Still, who can blame us for watching slop? Why wouldn’t we choose the warm, gelatinous tide over the cold clarities of complexity? The kinds of attention that actually stretch you feel impossible when most of us barely have the energy to reply to texts, let alone wrestle meaning from difficult art.
Here’s the thing: the forms of attention that make the world feel richer are almost always the ones we’ve written off as dry as hell. Take physics, a discipline full of invisible particles, imaginary numbers, and quantum realms no one can visualize. Not exactly a seductive pitch next to a feed engineered for brain-rot bliss. But as Carlo Rovelli writes in Seven Brief Lessons on Physics, “the beauty of the world is revealed to those who seek to understand it.” We must think the sky is boring, considering how often our necks are cranked down at our phones. But would you be so dismissive if you knew its blue comes from sunlight scattering off tiny air molecules? Or that sunsets turn red because the light has traveled so far through the atmosphere that only the longest wavelengths survive the journey?
The same goes for classical music.

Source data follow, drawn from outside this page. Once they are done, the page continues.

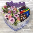 Корзина белых хризантем, эустом и роз
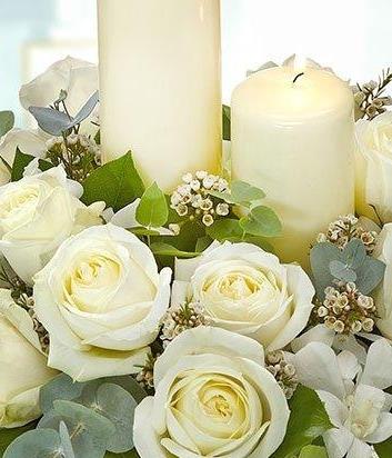 A classic white candle centrepiece arrangement with seasonal foliages and large headed White Roses
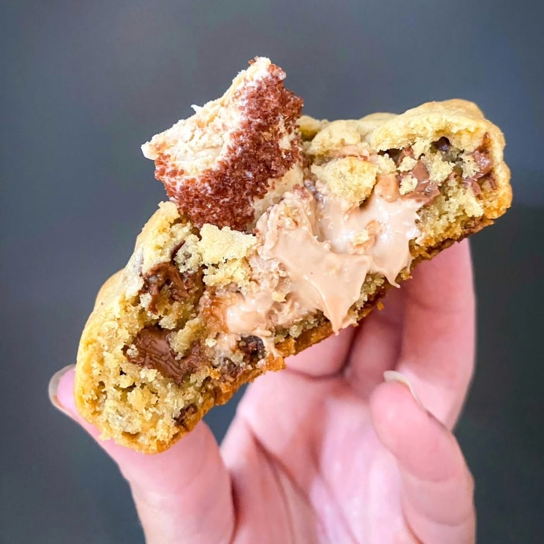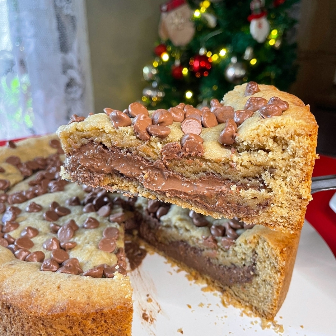 Fatia de cookie artesanal recheado com creme de avelã cremoso, que derrete a cada mordida. Finalizado com gotas de chocolate.
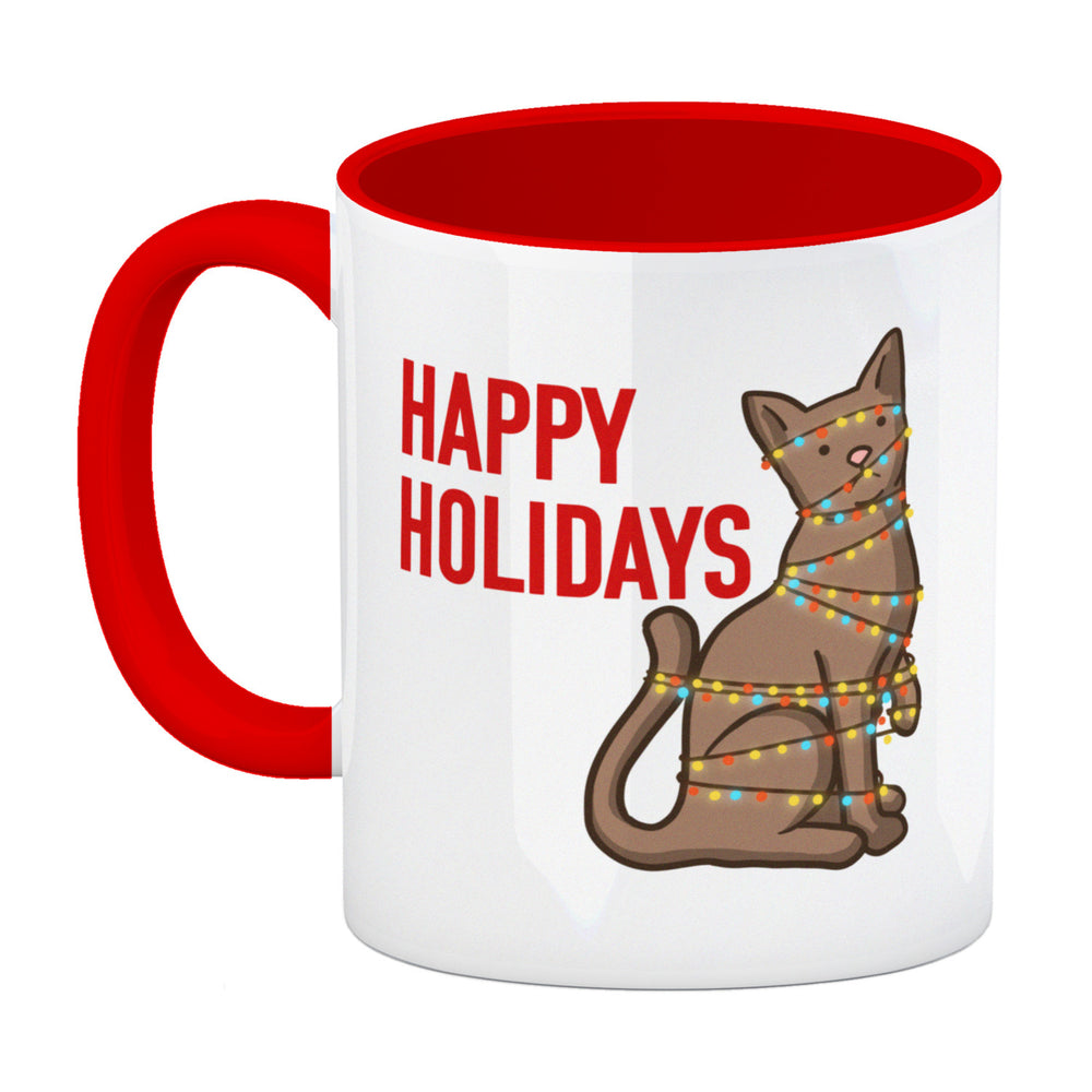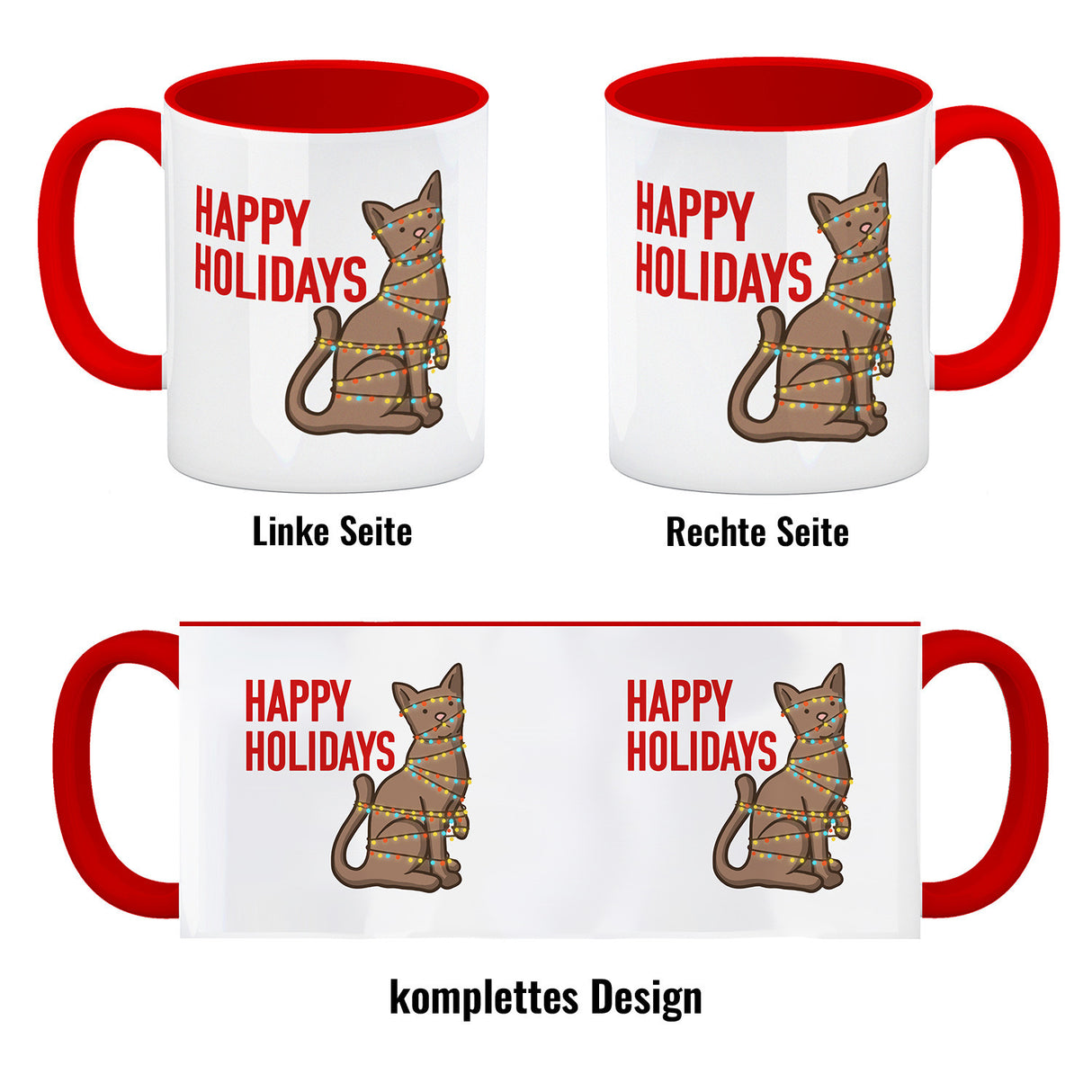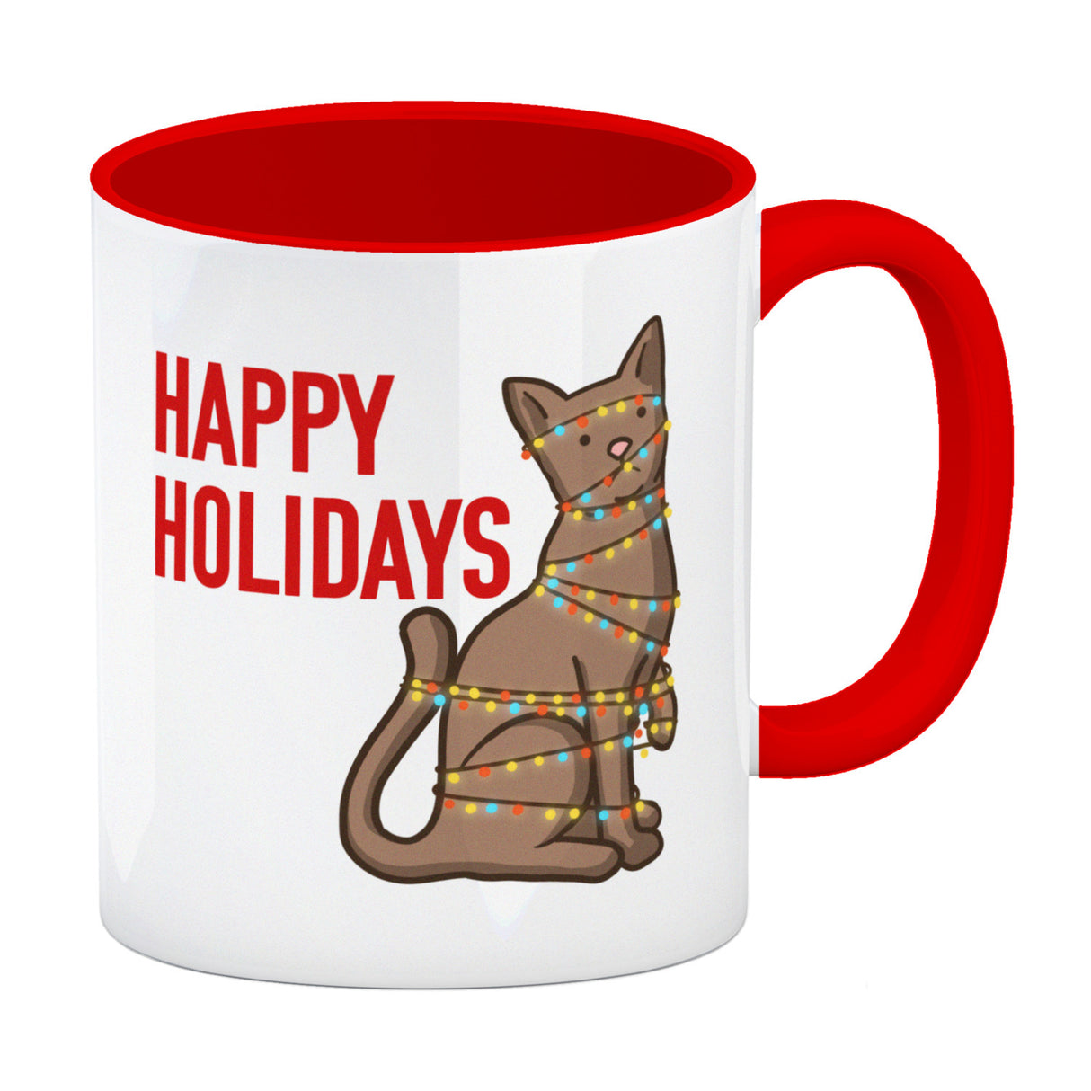 Happy Holidays Weihnachtskatze Kaffeebecher
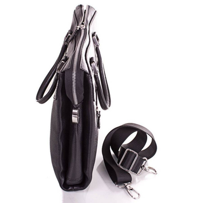 Количество основных отделений: 2. Сумка имеет большой прорезной карман на молнии, накладной карман, предназначенный для хранения мобильного телефона, органайзер для карандашей, ручек и стилусов, полноразмерный карман-перегородку на молнии, а также отделение для мини-ноутбука, нетбука или планшета. На тыльной стороне модели есть 1 прорезной карман на молнии. Сумка имеет 2 ручки для переноса в руке. Их длина не регулируется и составляет 38 см, а высота от крайней точки ручки до сумки - 11 см. В комплект к изделию прилагается съемный плечевой ремень. Его длина может регулироваться при помощи металлической пряжки от 84 до 150 см. Аксессуар пригоден для ношения в руке, на плече и через плечо. Материал подклады: плотная ткань. Материал изделия: кожа флотар. Цвет: черный. Цвет фурнитуры: серебро. Размеры (X*Y*Z): 36*29*6 см. Ширина дна может немного изменяться. Сумка закрывается при помощи молнии. Документы формата А4 помещаются в аксессуар. Изделие упаковано в полиэтиленовый пакет, а также тканевый чехол с логотипом ТМ KARLET. Страна происхождения ТМ KARLET - Турция. Гарантия: 3 месяца.
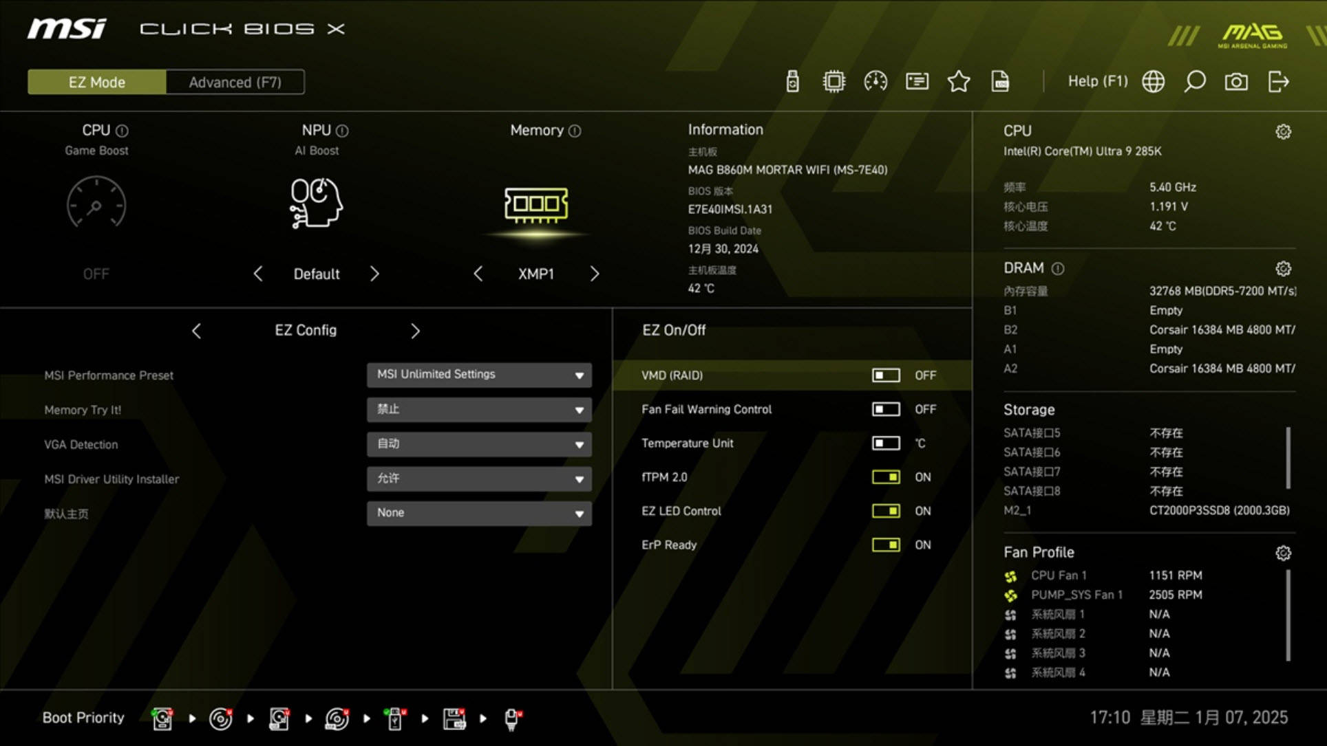 BIOS功能是微星MAG B860M MORTAR WIFI主板的另一大亮点。主板采用了全新的CLICK BIOS X界面,从高端MEG,中高端的MPG到甜点级的MAG系列的都配置了对应的主题。BIOS设置全面升级,从高端MEG,中高端的MPG到甜点级的MAG系列的都配置了对应的主题。高级设置菜单中,各类参数的设置依然按照用户已经熟悉的多层式结构陈列,并且提供了快速检索功能和收藏功能,常用设置可以自行进行快速定义,使用体验更加的便利。
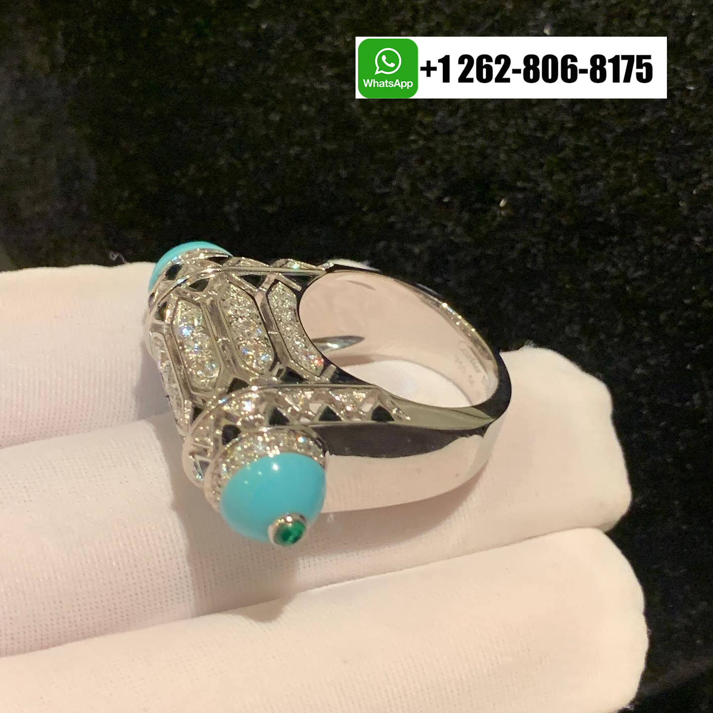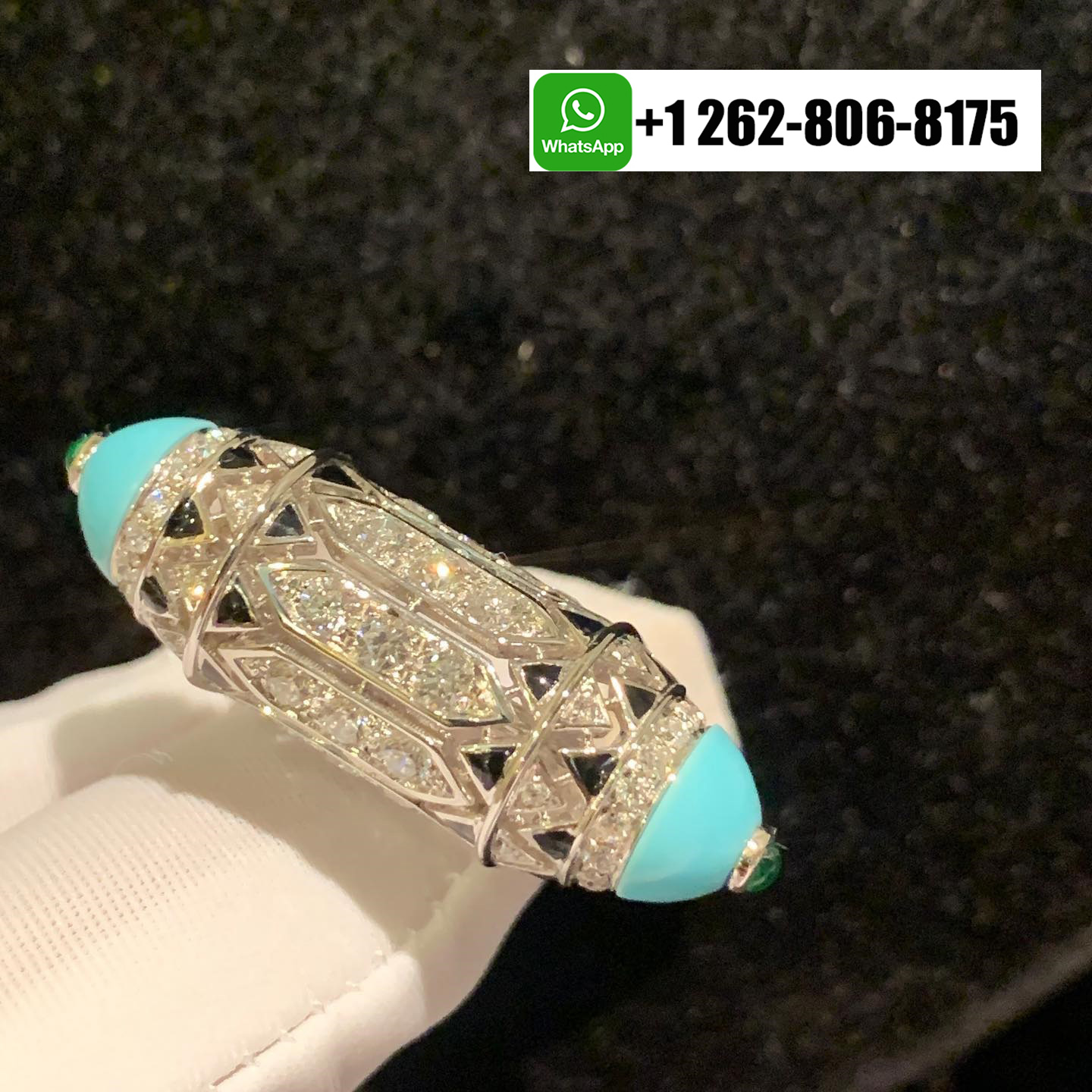 Home / Cartier Jewelry / Cartier 18K White Gold Geometry Contrast Turquoise Emeralds Diamonds Art-Deco Inspired Ring H4350300
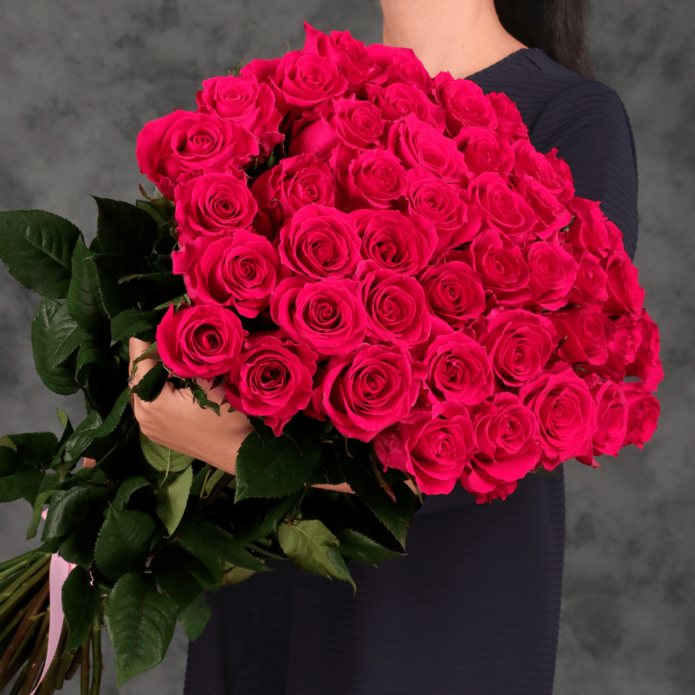 Классический букет из 45 розовых эквадорских роз 60 см с атласной лентой от 2name flowers подарите своим близким и любимым незабываемые эмоции с помощью этого великолепного букета из 45 розовых эк…
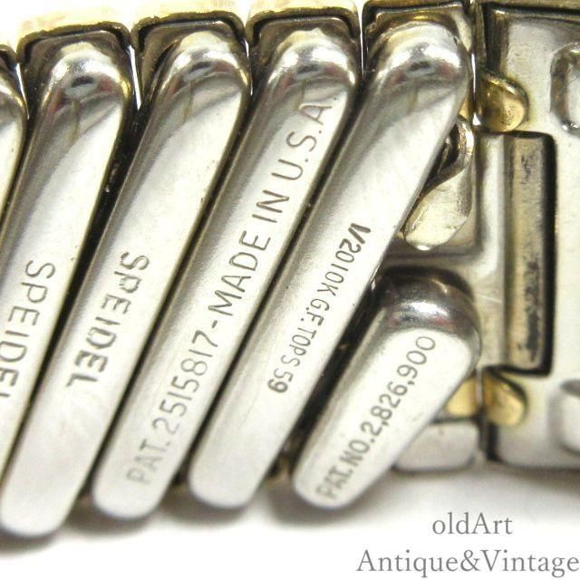 ホーム >ブレスレット >ブレスレット ホーム > USAアメリカ > ブレスレット ホーム > Military/Collegeミリタリー/カレッジ > ミリタリーブレスレット USA製SPEIDEL社1950年代ヴィンテージりロケット蛇腹ベルトブレスレット金張り10KGF【箱付き】【17cm】【N-27849】 商品説明 click! こちらは、アメリカ製SPEIDEL社ヴィンテージ1950年代頃の蛇腹ロケットブレスレットになります。 中央のプレート部分はロケットになっており、開く仕様になっております。 ブラックとゴールドのコントラストで存在感があり雰囲気の良い一本です。 伸縮する蛇腹ベルトですので着脱も簡単です。 当時のオリジナルケース付きで経年による少しの汚れや金属部分の錆はありますが、ブレスレット自体は殆ど使用された形跡がなくデッドストックに近く大変綺麗で良好な状態です。 ※ペンダントの中には当時のものと思われる写真が入っております、販売時の見本写真の可能性もございますが、ご希望でしたら外して発送も可能です。 プレート(ロケット)の直径:約15.5×41mm 腕周り(内周):約17cm〜 【腕周り16.2cmのスタッフですとゆとりのある丁度良い着用感です】 *材質:ステンレス・金張り・ブラックアクリルストーン *刻印:PAT.NO.2.826.900(特許番号)・PAT.2515817(特許番号)・MADE IN USA・1/20 10KG.F .・TOPS 59・SPEIDEL *色:シルバー・ゴールド・ブラック *重量:26.1g お写真ですとゴールド部分に少しくすみが御座いますが、少し磨くだけで綺麗になりますので、ご希望があれば綺麗な状態でお届けさせて頂きます。 年代物の大変貴重なコレクションです。 一点物になりますのでこの機会に是非ご検討くださいませ。 大切な方への贈り物にもお勧めです。 プレゼント用ラッピングも承っておりますのでお気軽にご利用くださいませ。 販売価格 34,800円(内税) 購入数 名古屋市緑区大高町伊賀殿3-4 oldArt JR大高駅より徒歩6分(500m)、名鉄鳴海駅より徒歩12分(1km)駐車場(2台):店舗敷地内左から1つ目(小型車専用),2つ目(普通車)最寄りコインパーキング:名鉄協商大高東、名鉄協商大高東2(店舗まで400m) oldArtとは?Click ご注文一万円で送料無料にさせて頂きます。 Freemasonry Scandinavia Glasses Lady Watch Cameo Georg Jensen Claddagh Spoon Jewelry Mascot Doll SNS ツイート information contact この商品を友達に教える 買い物を続ける レビューを見る(0件) レビューを投稿
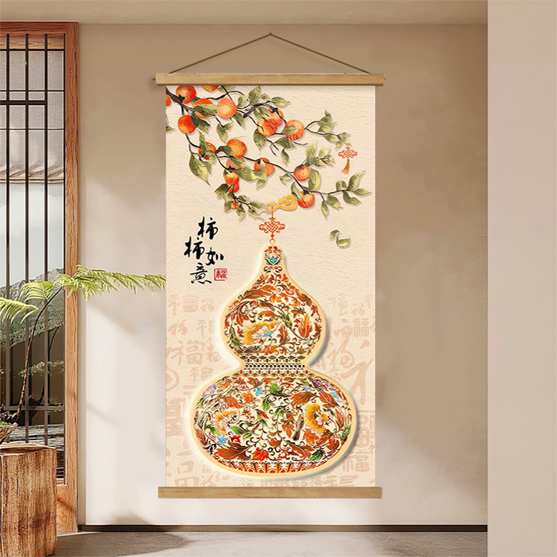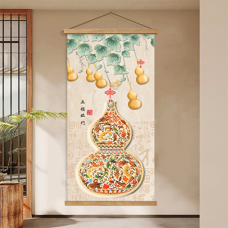 花瓶葫芦挂画福禄入户玄关装饰画新中式客厅正对门过道壁画艺术
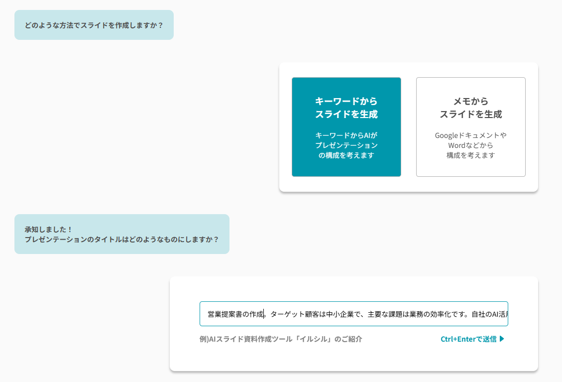初めにチャットベースでどんなスライドを作成するのかを伝えていきます。

It’s not exactly something you’d pair with a split-screen of Subway Surfers and slime ASMR. And yet, when someone like Rosalía channels years of operatic training, classical discipline, and learning thirteen different languages into an album, doesn’t it sound so fucking good? Understanding animates the world. Slop flattens it, rewarding rapid consumption rather than gradual understanding. In a culture that worships ease, of course slop became the logical endpoint of desire. Attention is a muscle, and slop is the couch it’s sunk into.
If 2025 is the year of slop, then maybe 2026 can be the year we pick up a fork again and actually chew.